The 4.9 per cent jump in dairy values at the latest GlobalDairyTrade auction is the biggest shift in price movement since August last year.

The lift saw prices sit at an average of US$3310 (NZ$4549) per tonne, with butter up almost 9 per cent.

All of the products on offer lifted with whole milk powder (WMP) up 5.1 per cent to US$3010, butter up 8.8 per cent to US$4897, anhydrous milk fat up 2.2 per cent to US$6547, skim milk powder up 6.5 per cent to US$1818, cheddar up 5.2 per cent to US$3486 and rennet casein up 5.5 per cent to US$4709.

NZ Federated Farmers Dairy chairman Chris Lewis said the New Zealand dairy industry had forecasted a cut in production in early December and the market had likely taken a 'wait and see' approach to this information.

In the past bouts of rain had occurred when production cuts in New Zealand had been forecasted.

At this stage of the milking season, even if there was decent rain it would not reverse the deficit that regions around the country had experienced.

At this stage of the season, farmers would be looking to hold their production levels rather than to try and increase them, he said.

"The market's realising there could be a supply and demand dilemma with the supply maybe not coming out of New Zealand."

The result follows a slight recovery two weeks ago when prices lifted 2.2 per cent, but that followed a 19 per cent drop in volumes placed into the auction by Fonterra.

?While this latest auction was the biggest lift in nearly eight months, Mr Lewis said there had been some big falls throughout November and December.
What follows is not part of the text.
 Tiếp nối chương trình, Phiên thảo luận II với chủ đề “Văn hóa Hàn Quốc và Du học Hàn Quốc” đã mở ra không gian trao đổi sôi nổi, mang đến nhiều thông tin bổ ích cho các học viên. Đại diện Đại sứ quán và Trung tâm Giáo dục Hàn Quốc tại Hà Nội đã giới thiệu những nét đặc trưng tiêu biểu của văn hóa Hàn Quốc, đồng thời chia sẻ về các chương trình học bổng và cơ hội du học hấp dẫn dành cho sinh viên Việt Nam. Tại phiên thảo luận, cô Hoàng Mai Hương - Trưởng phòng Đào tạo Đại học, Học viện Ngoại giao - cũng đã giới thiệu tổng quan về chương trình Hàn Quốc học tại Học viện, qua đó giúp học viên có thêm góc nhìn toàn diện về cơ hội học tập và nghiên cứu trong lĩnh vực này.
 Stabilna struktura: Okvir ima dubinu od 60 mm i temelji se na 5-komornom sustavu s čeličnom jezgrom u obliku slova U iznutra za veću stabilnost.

WMP prices had also appeared to have stabilised, which was a positive because it would help confirm a mid-$NZ6/kg milk solids payout (for NZ farmers), he said.
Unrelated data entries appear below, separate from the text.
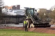 RE Plant Operators construct foundations for a new bridge in Workington after floods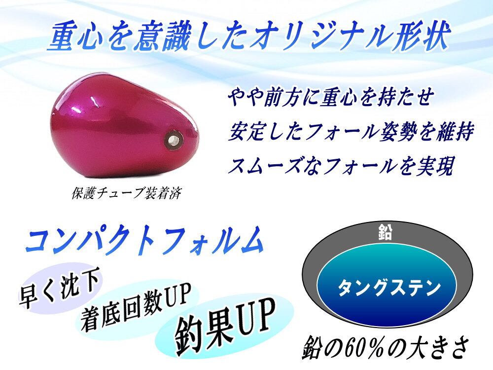 ・二枚潮、ドテラ流し等、潮の流れ左右されにくく、鉛玉よりふらつきが少ない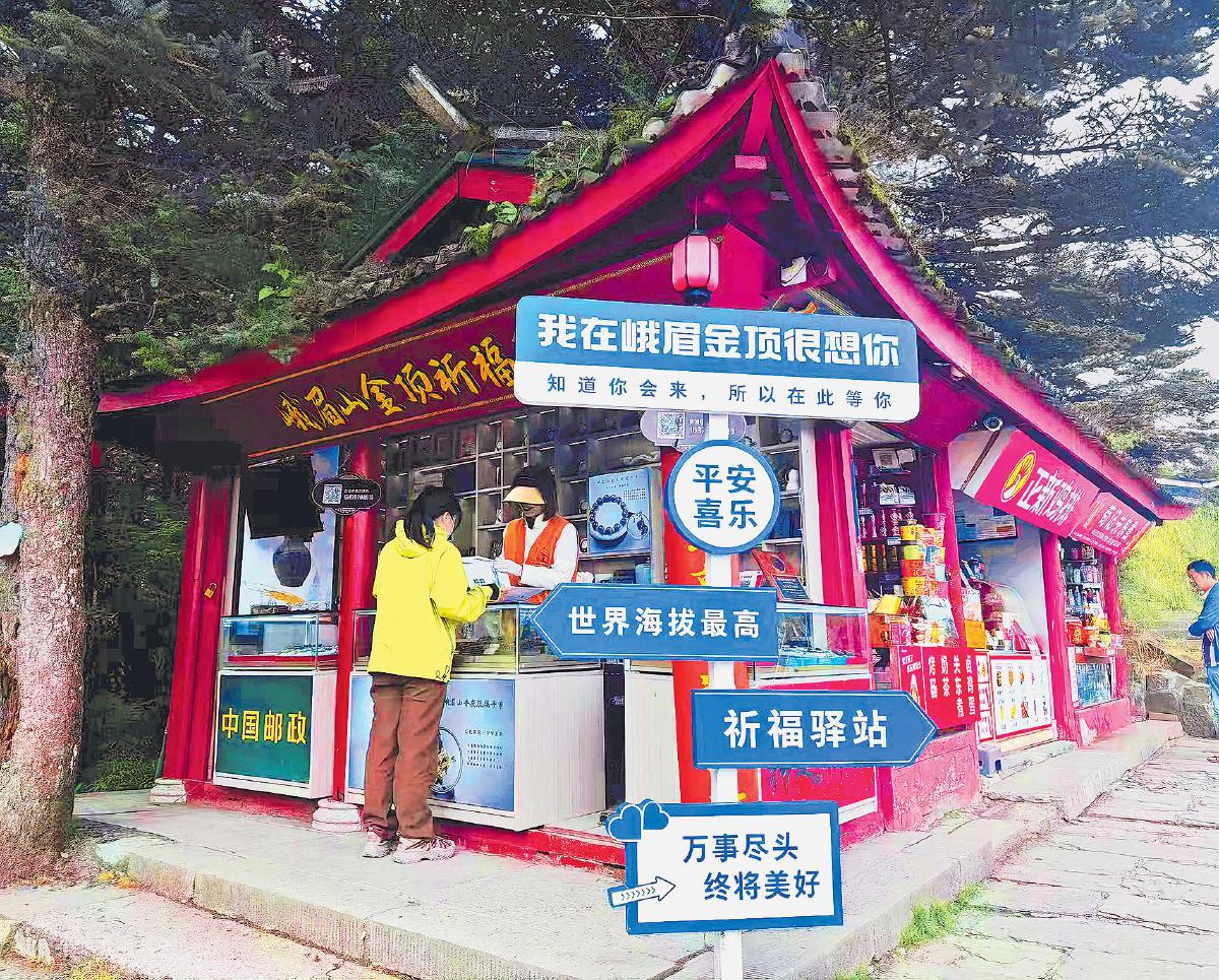 “我們不僅是一座郵局,更是祈福的驛站。”樂山市郵政分公司郵政業務部負責人徐錦介紹道。金頂祈福郵局深度挖掘峨眉山濃厚的佛教文化與壯麗的自然景觀,精心設計了一系列祈福主題產品,如禪語和佛具等佛教元素紀念章、峨眉四季風光明信片……方寸之間,意境悠遠,游客在寄送祝福的同時,更能感受峨眉山獨特的文化底蘊和自然之美。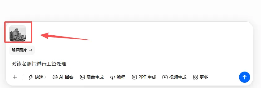 “解释图片 → 对该老照片进行上色处理”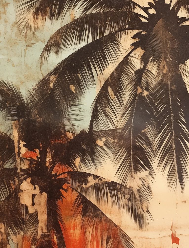 Photo d'une peinture murale vintage : des palmiers sur un fond de texture et de couleur. Un mur usé par les intempéries porte une palette de tons orange chauds et bleus froids qui, ensemble, créent une ambiance subtile mais expressive. Les palmiers se dressent fièrement au centre, leurs silhouettes formant un fort contraste avec l'arrière-plan et apportant une dynamique naturelle à l'image.
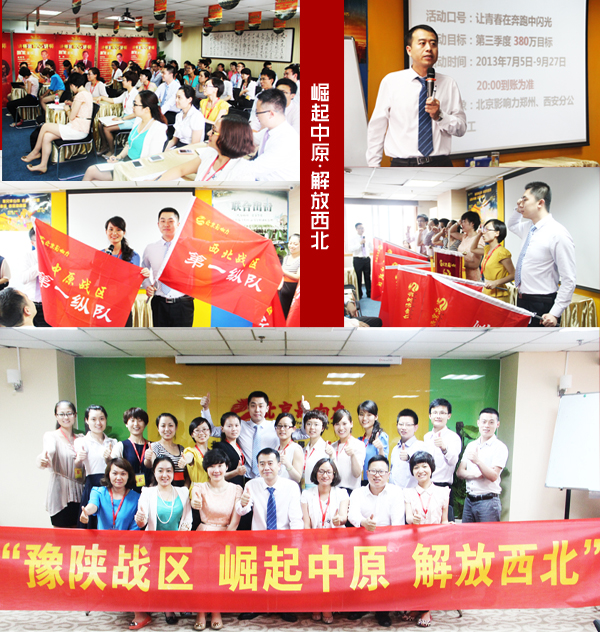 戰(zhàn)區(qū)特色:京津內(nèi)部劃分為五大戰(zhàn)區(qū)14大團(tuán)隊(duì),榮勝隊(duì)伍將獲得“飛鷹戰(zhàn)隊(duì)”稱號(hào)。為確保最終目標(biāo)的順利達(dá)成,京津戰(zhàn)區(qū)按月份進(jìn)行階段性評(píng)估,分定目標(biāo),逐個(gè)達(dá)成。同時(shí),本著互幫互助的原則,由兩家公司銷售管理者定期進(jìn)行經(jīng)驗(yàn)交流與分享。兩戰(zhàn)區(qū)相互協(xié)調(diào)配合,充分發(fā)揚(yáng)了北京影響力的團(tuán)隊(duì)精神。
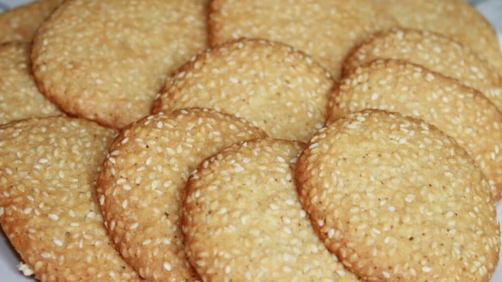 Итак, кунжутные печеньки будут тоненькие, но их будет очень много! У меня получилось около 50 штук.

"If we head into the latter part of January with WMP in the low $3000s [a tonne], then I think farmers will be reasonably happy," he said.

He had been told of some farmers whose production had dropped by as much as 20 per cent and this was a big income drop for them.
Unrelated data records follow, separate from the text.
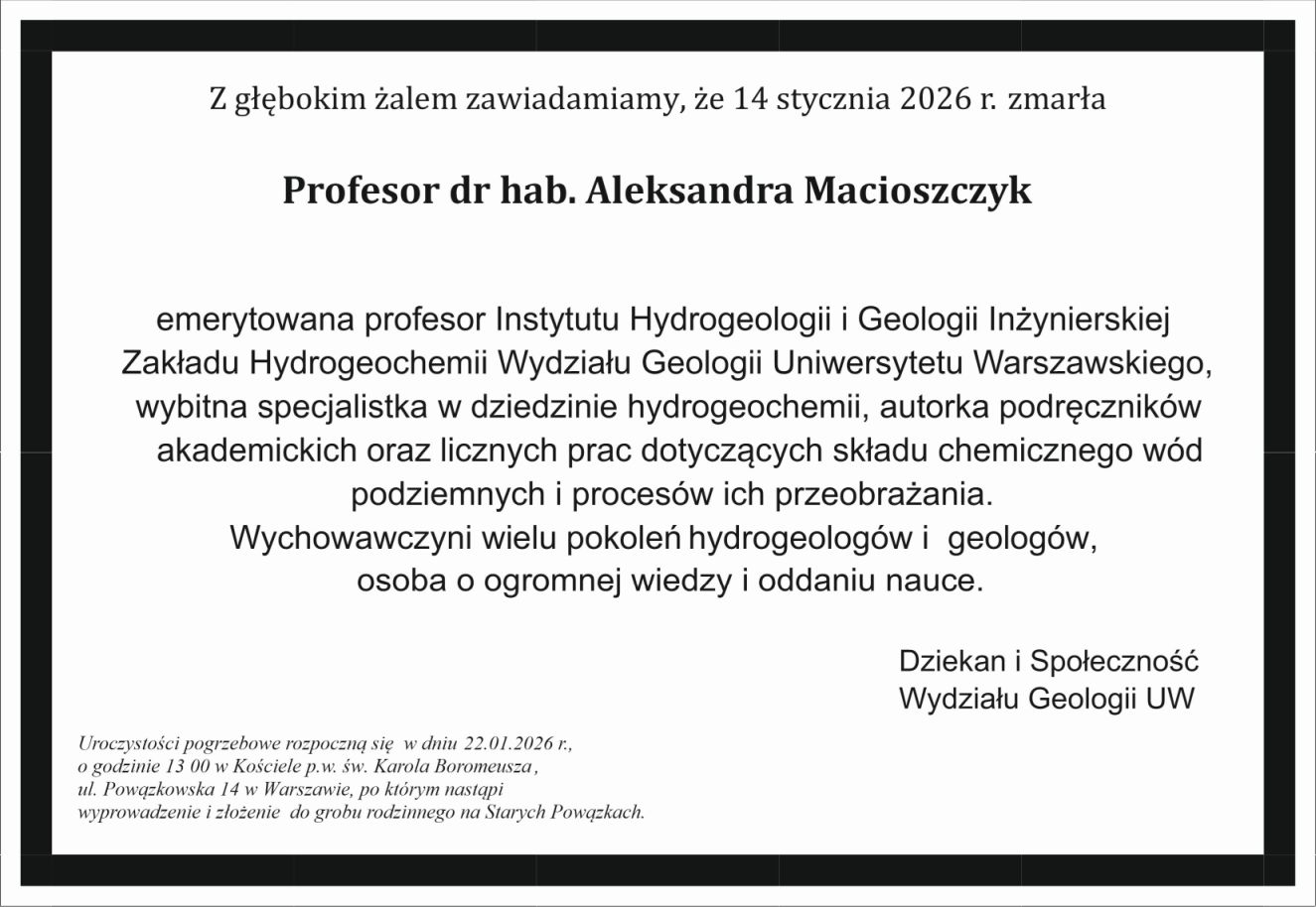 Wydział Geologii > Aktualności > Zmarła prof. dr hab. Aleksandra Macioszczyk Zmarła prof. dr hab. Aleksandra Macioszczyk nekrolog – prof. dr hab. Aleksandra Macioszczyk
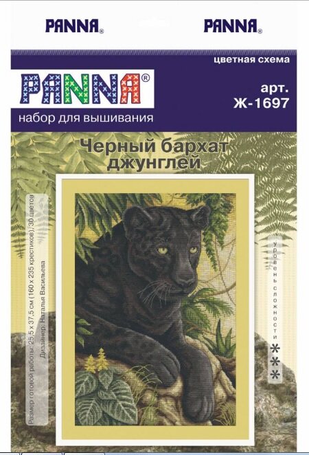 . Набор для вышивания "PANNA" J-1697 "Черный бархат джунглей" В набор для вышивания "PANNA" входит: канва аппретированная "Gamma" К16, хлопчатобумажные нитки мулине "Gamma" на держателе, специализированная игла с тупым концом "Gamma" для вышивания, подробная инструкция по вышиванию и схема.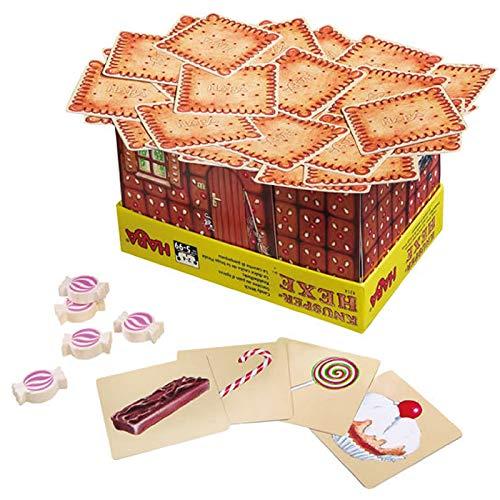 『お菓子の魔女』は、カードだけで立体的に作られた「お菓子の家」の屋根から、お菓子カードを1枚ずつ引き抜いたり、絵柄に応じて差し戻したりしながら、たくさん集めてご褒美のキャンディコマをもらうゲームです。童話で有名な「お菓子の家」の屋根から少しずつお菓子をいただいちゃいましょう。 でも、魔女が目覚めないように気をつけて! ◇ 1人ずつ代わりばんこに、屋根に重なっているお菓子カードを1枚選んで引き抜いては、表側に描かれているお菓子を確認して自分の手元に重ねていきます。 ◇ でも、もし、1周前に自分が重ねたのと同じ種類のお菓子を取ってしまったら、屋根に戻さなければなりません。 ただし、「そのお菓子なら欲しい」他の人がそのカードを貰っていくでしょう。 崩さないように、ぎりぎりのところに押し込もうとするのですが、屋根の支え具合がその押し込みによっても微妙に変化していきます。 ◇ こうしてゲームを続けていき、支えきれずに屋根が崩れてしまったら、いちばんお菓子カードを多く集めた人がごほうびのキャンディコマをもらって1ラウンド終了です。カードを集めてまた屋根を作って…と繰り返していき、キャンディコマを先に2個もらった人が勝ちです。 メーカー: すごろくや (日本), 発行年: 2019年(原版ドイツ2009年) 国内版発売元: すごろくや, 国内版発行年: 2019年 作者: Heinz Meister(ハインツ・マイスター, 代表作: 『スティッキー』『デジャブ』など多数) 5才~大人, 2~4人用, 所要15分, ルール難度:★ (1)
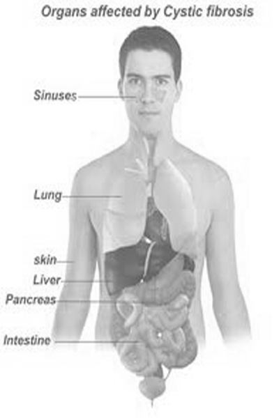 | Cystic Fibrosis is an inherited disease of secretory glands that make mucus and sweat. Cystic fibrosis mostly affects the lungs, pancreas, liver, intestines, sinuses, and sex organs. In this disease the mucus made by glands is thick and sticky. |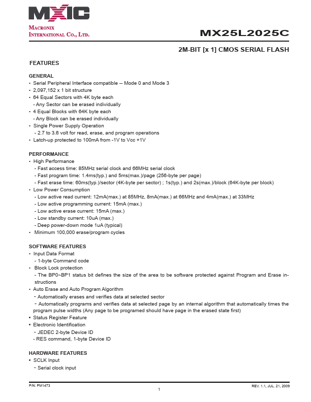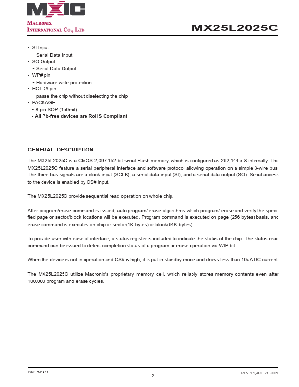The MX25L2025C is a CMOS 2,097,152 bit serial Flash memory, which is configured as 262,144 x 8 internally.

They would be hoping the payout would stabilise because of the cash shortfall they would have to make up.

"There is a lot of feed been brought in on farms at the moment to make up for feed deficits and I don't think any farmers are talking about making lots of money. It's all about stabilising their cash flow.

"At the start of the season if you had told farmers $6.50/kg milk solids (MS), they would all be confidently telling you they would be making a profit, but with the production drop and buying supplements in, it's about surviving at the moment."

Analysts had adjusted their 2017-18 farmgate payout predictions in response to the slight improvement, and also to Fonterra's projection of a 4 per cent decline in New Zealand milk production.

Fonterra's own forecast is $NZ6.40 per kilogram of milksolids, while the ANZ's Con Williams provided a range of $NZ6.25-to-$6.50kg/MS.

Mr Williams said the drop in production would not be as great as Fonterra has predicted, following early January rain.

The ASB is sticking to its forecast price of $NZ6.50, while AgriHQ's forecast is the lowest at $NZ6.10.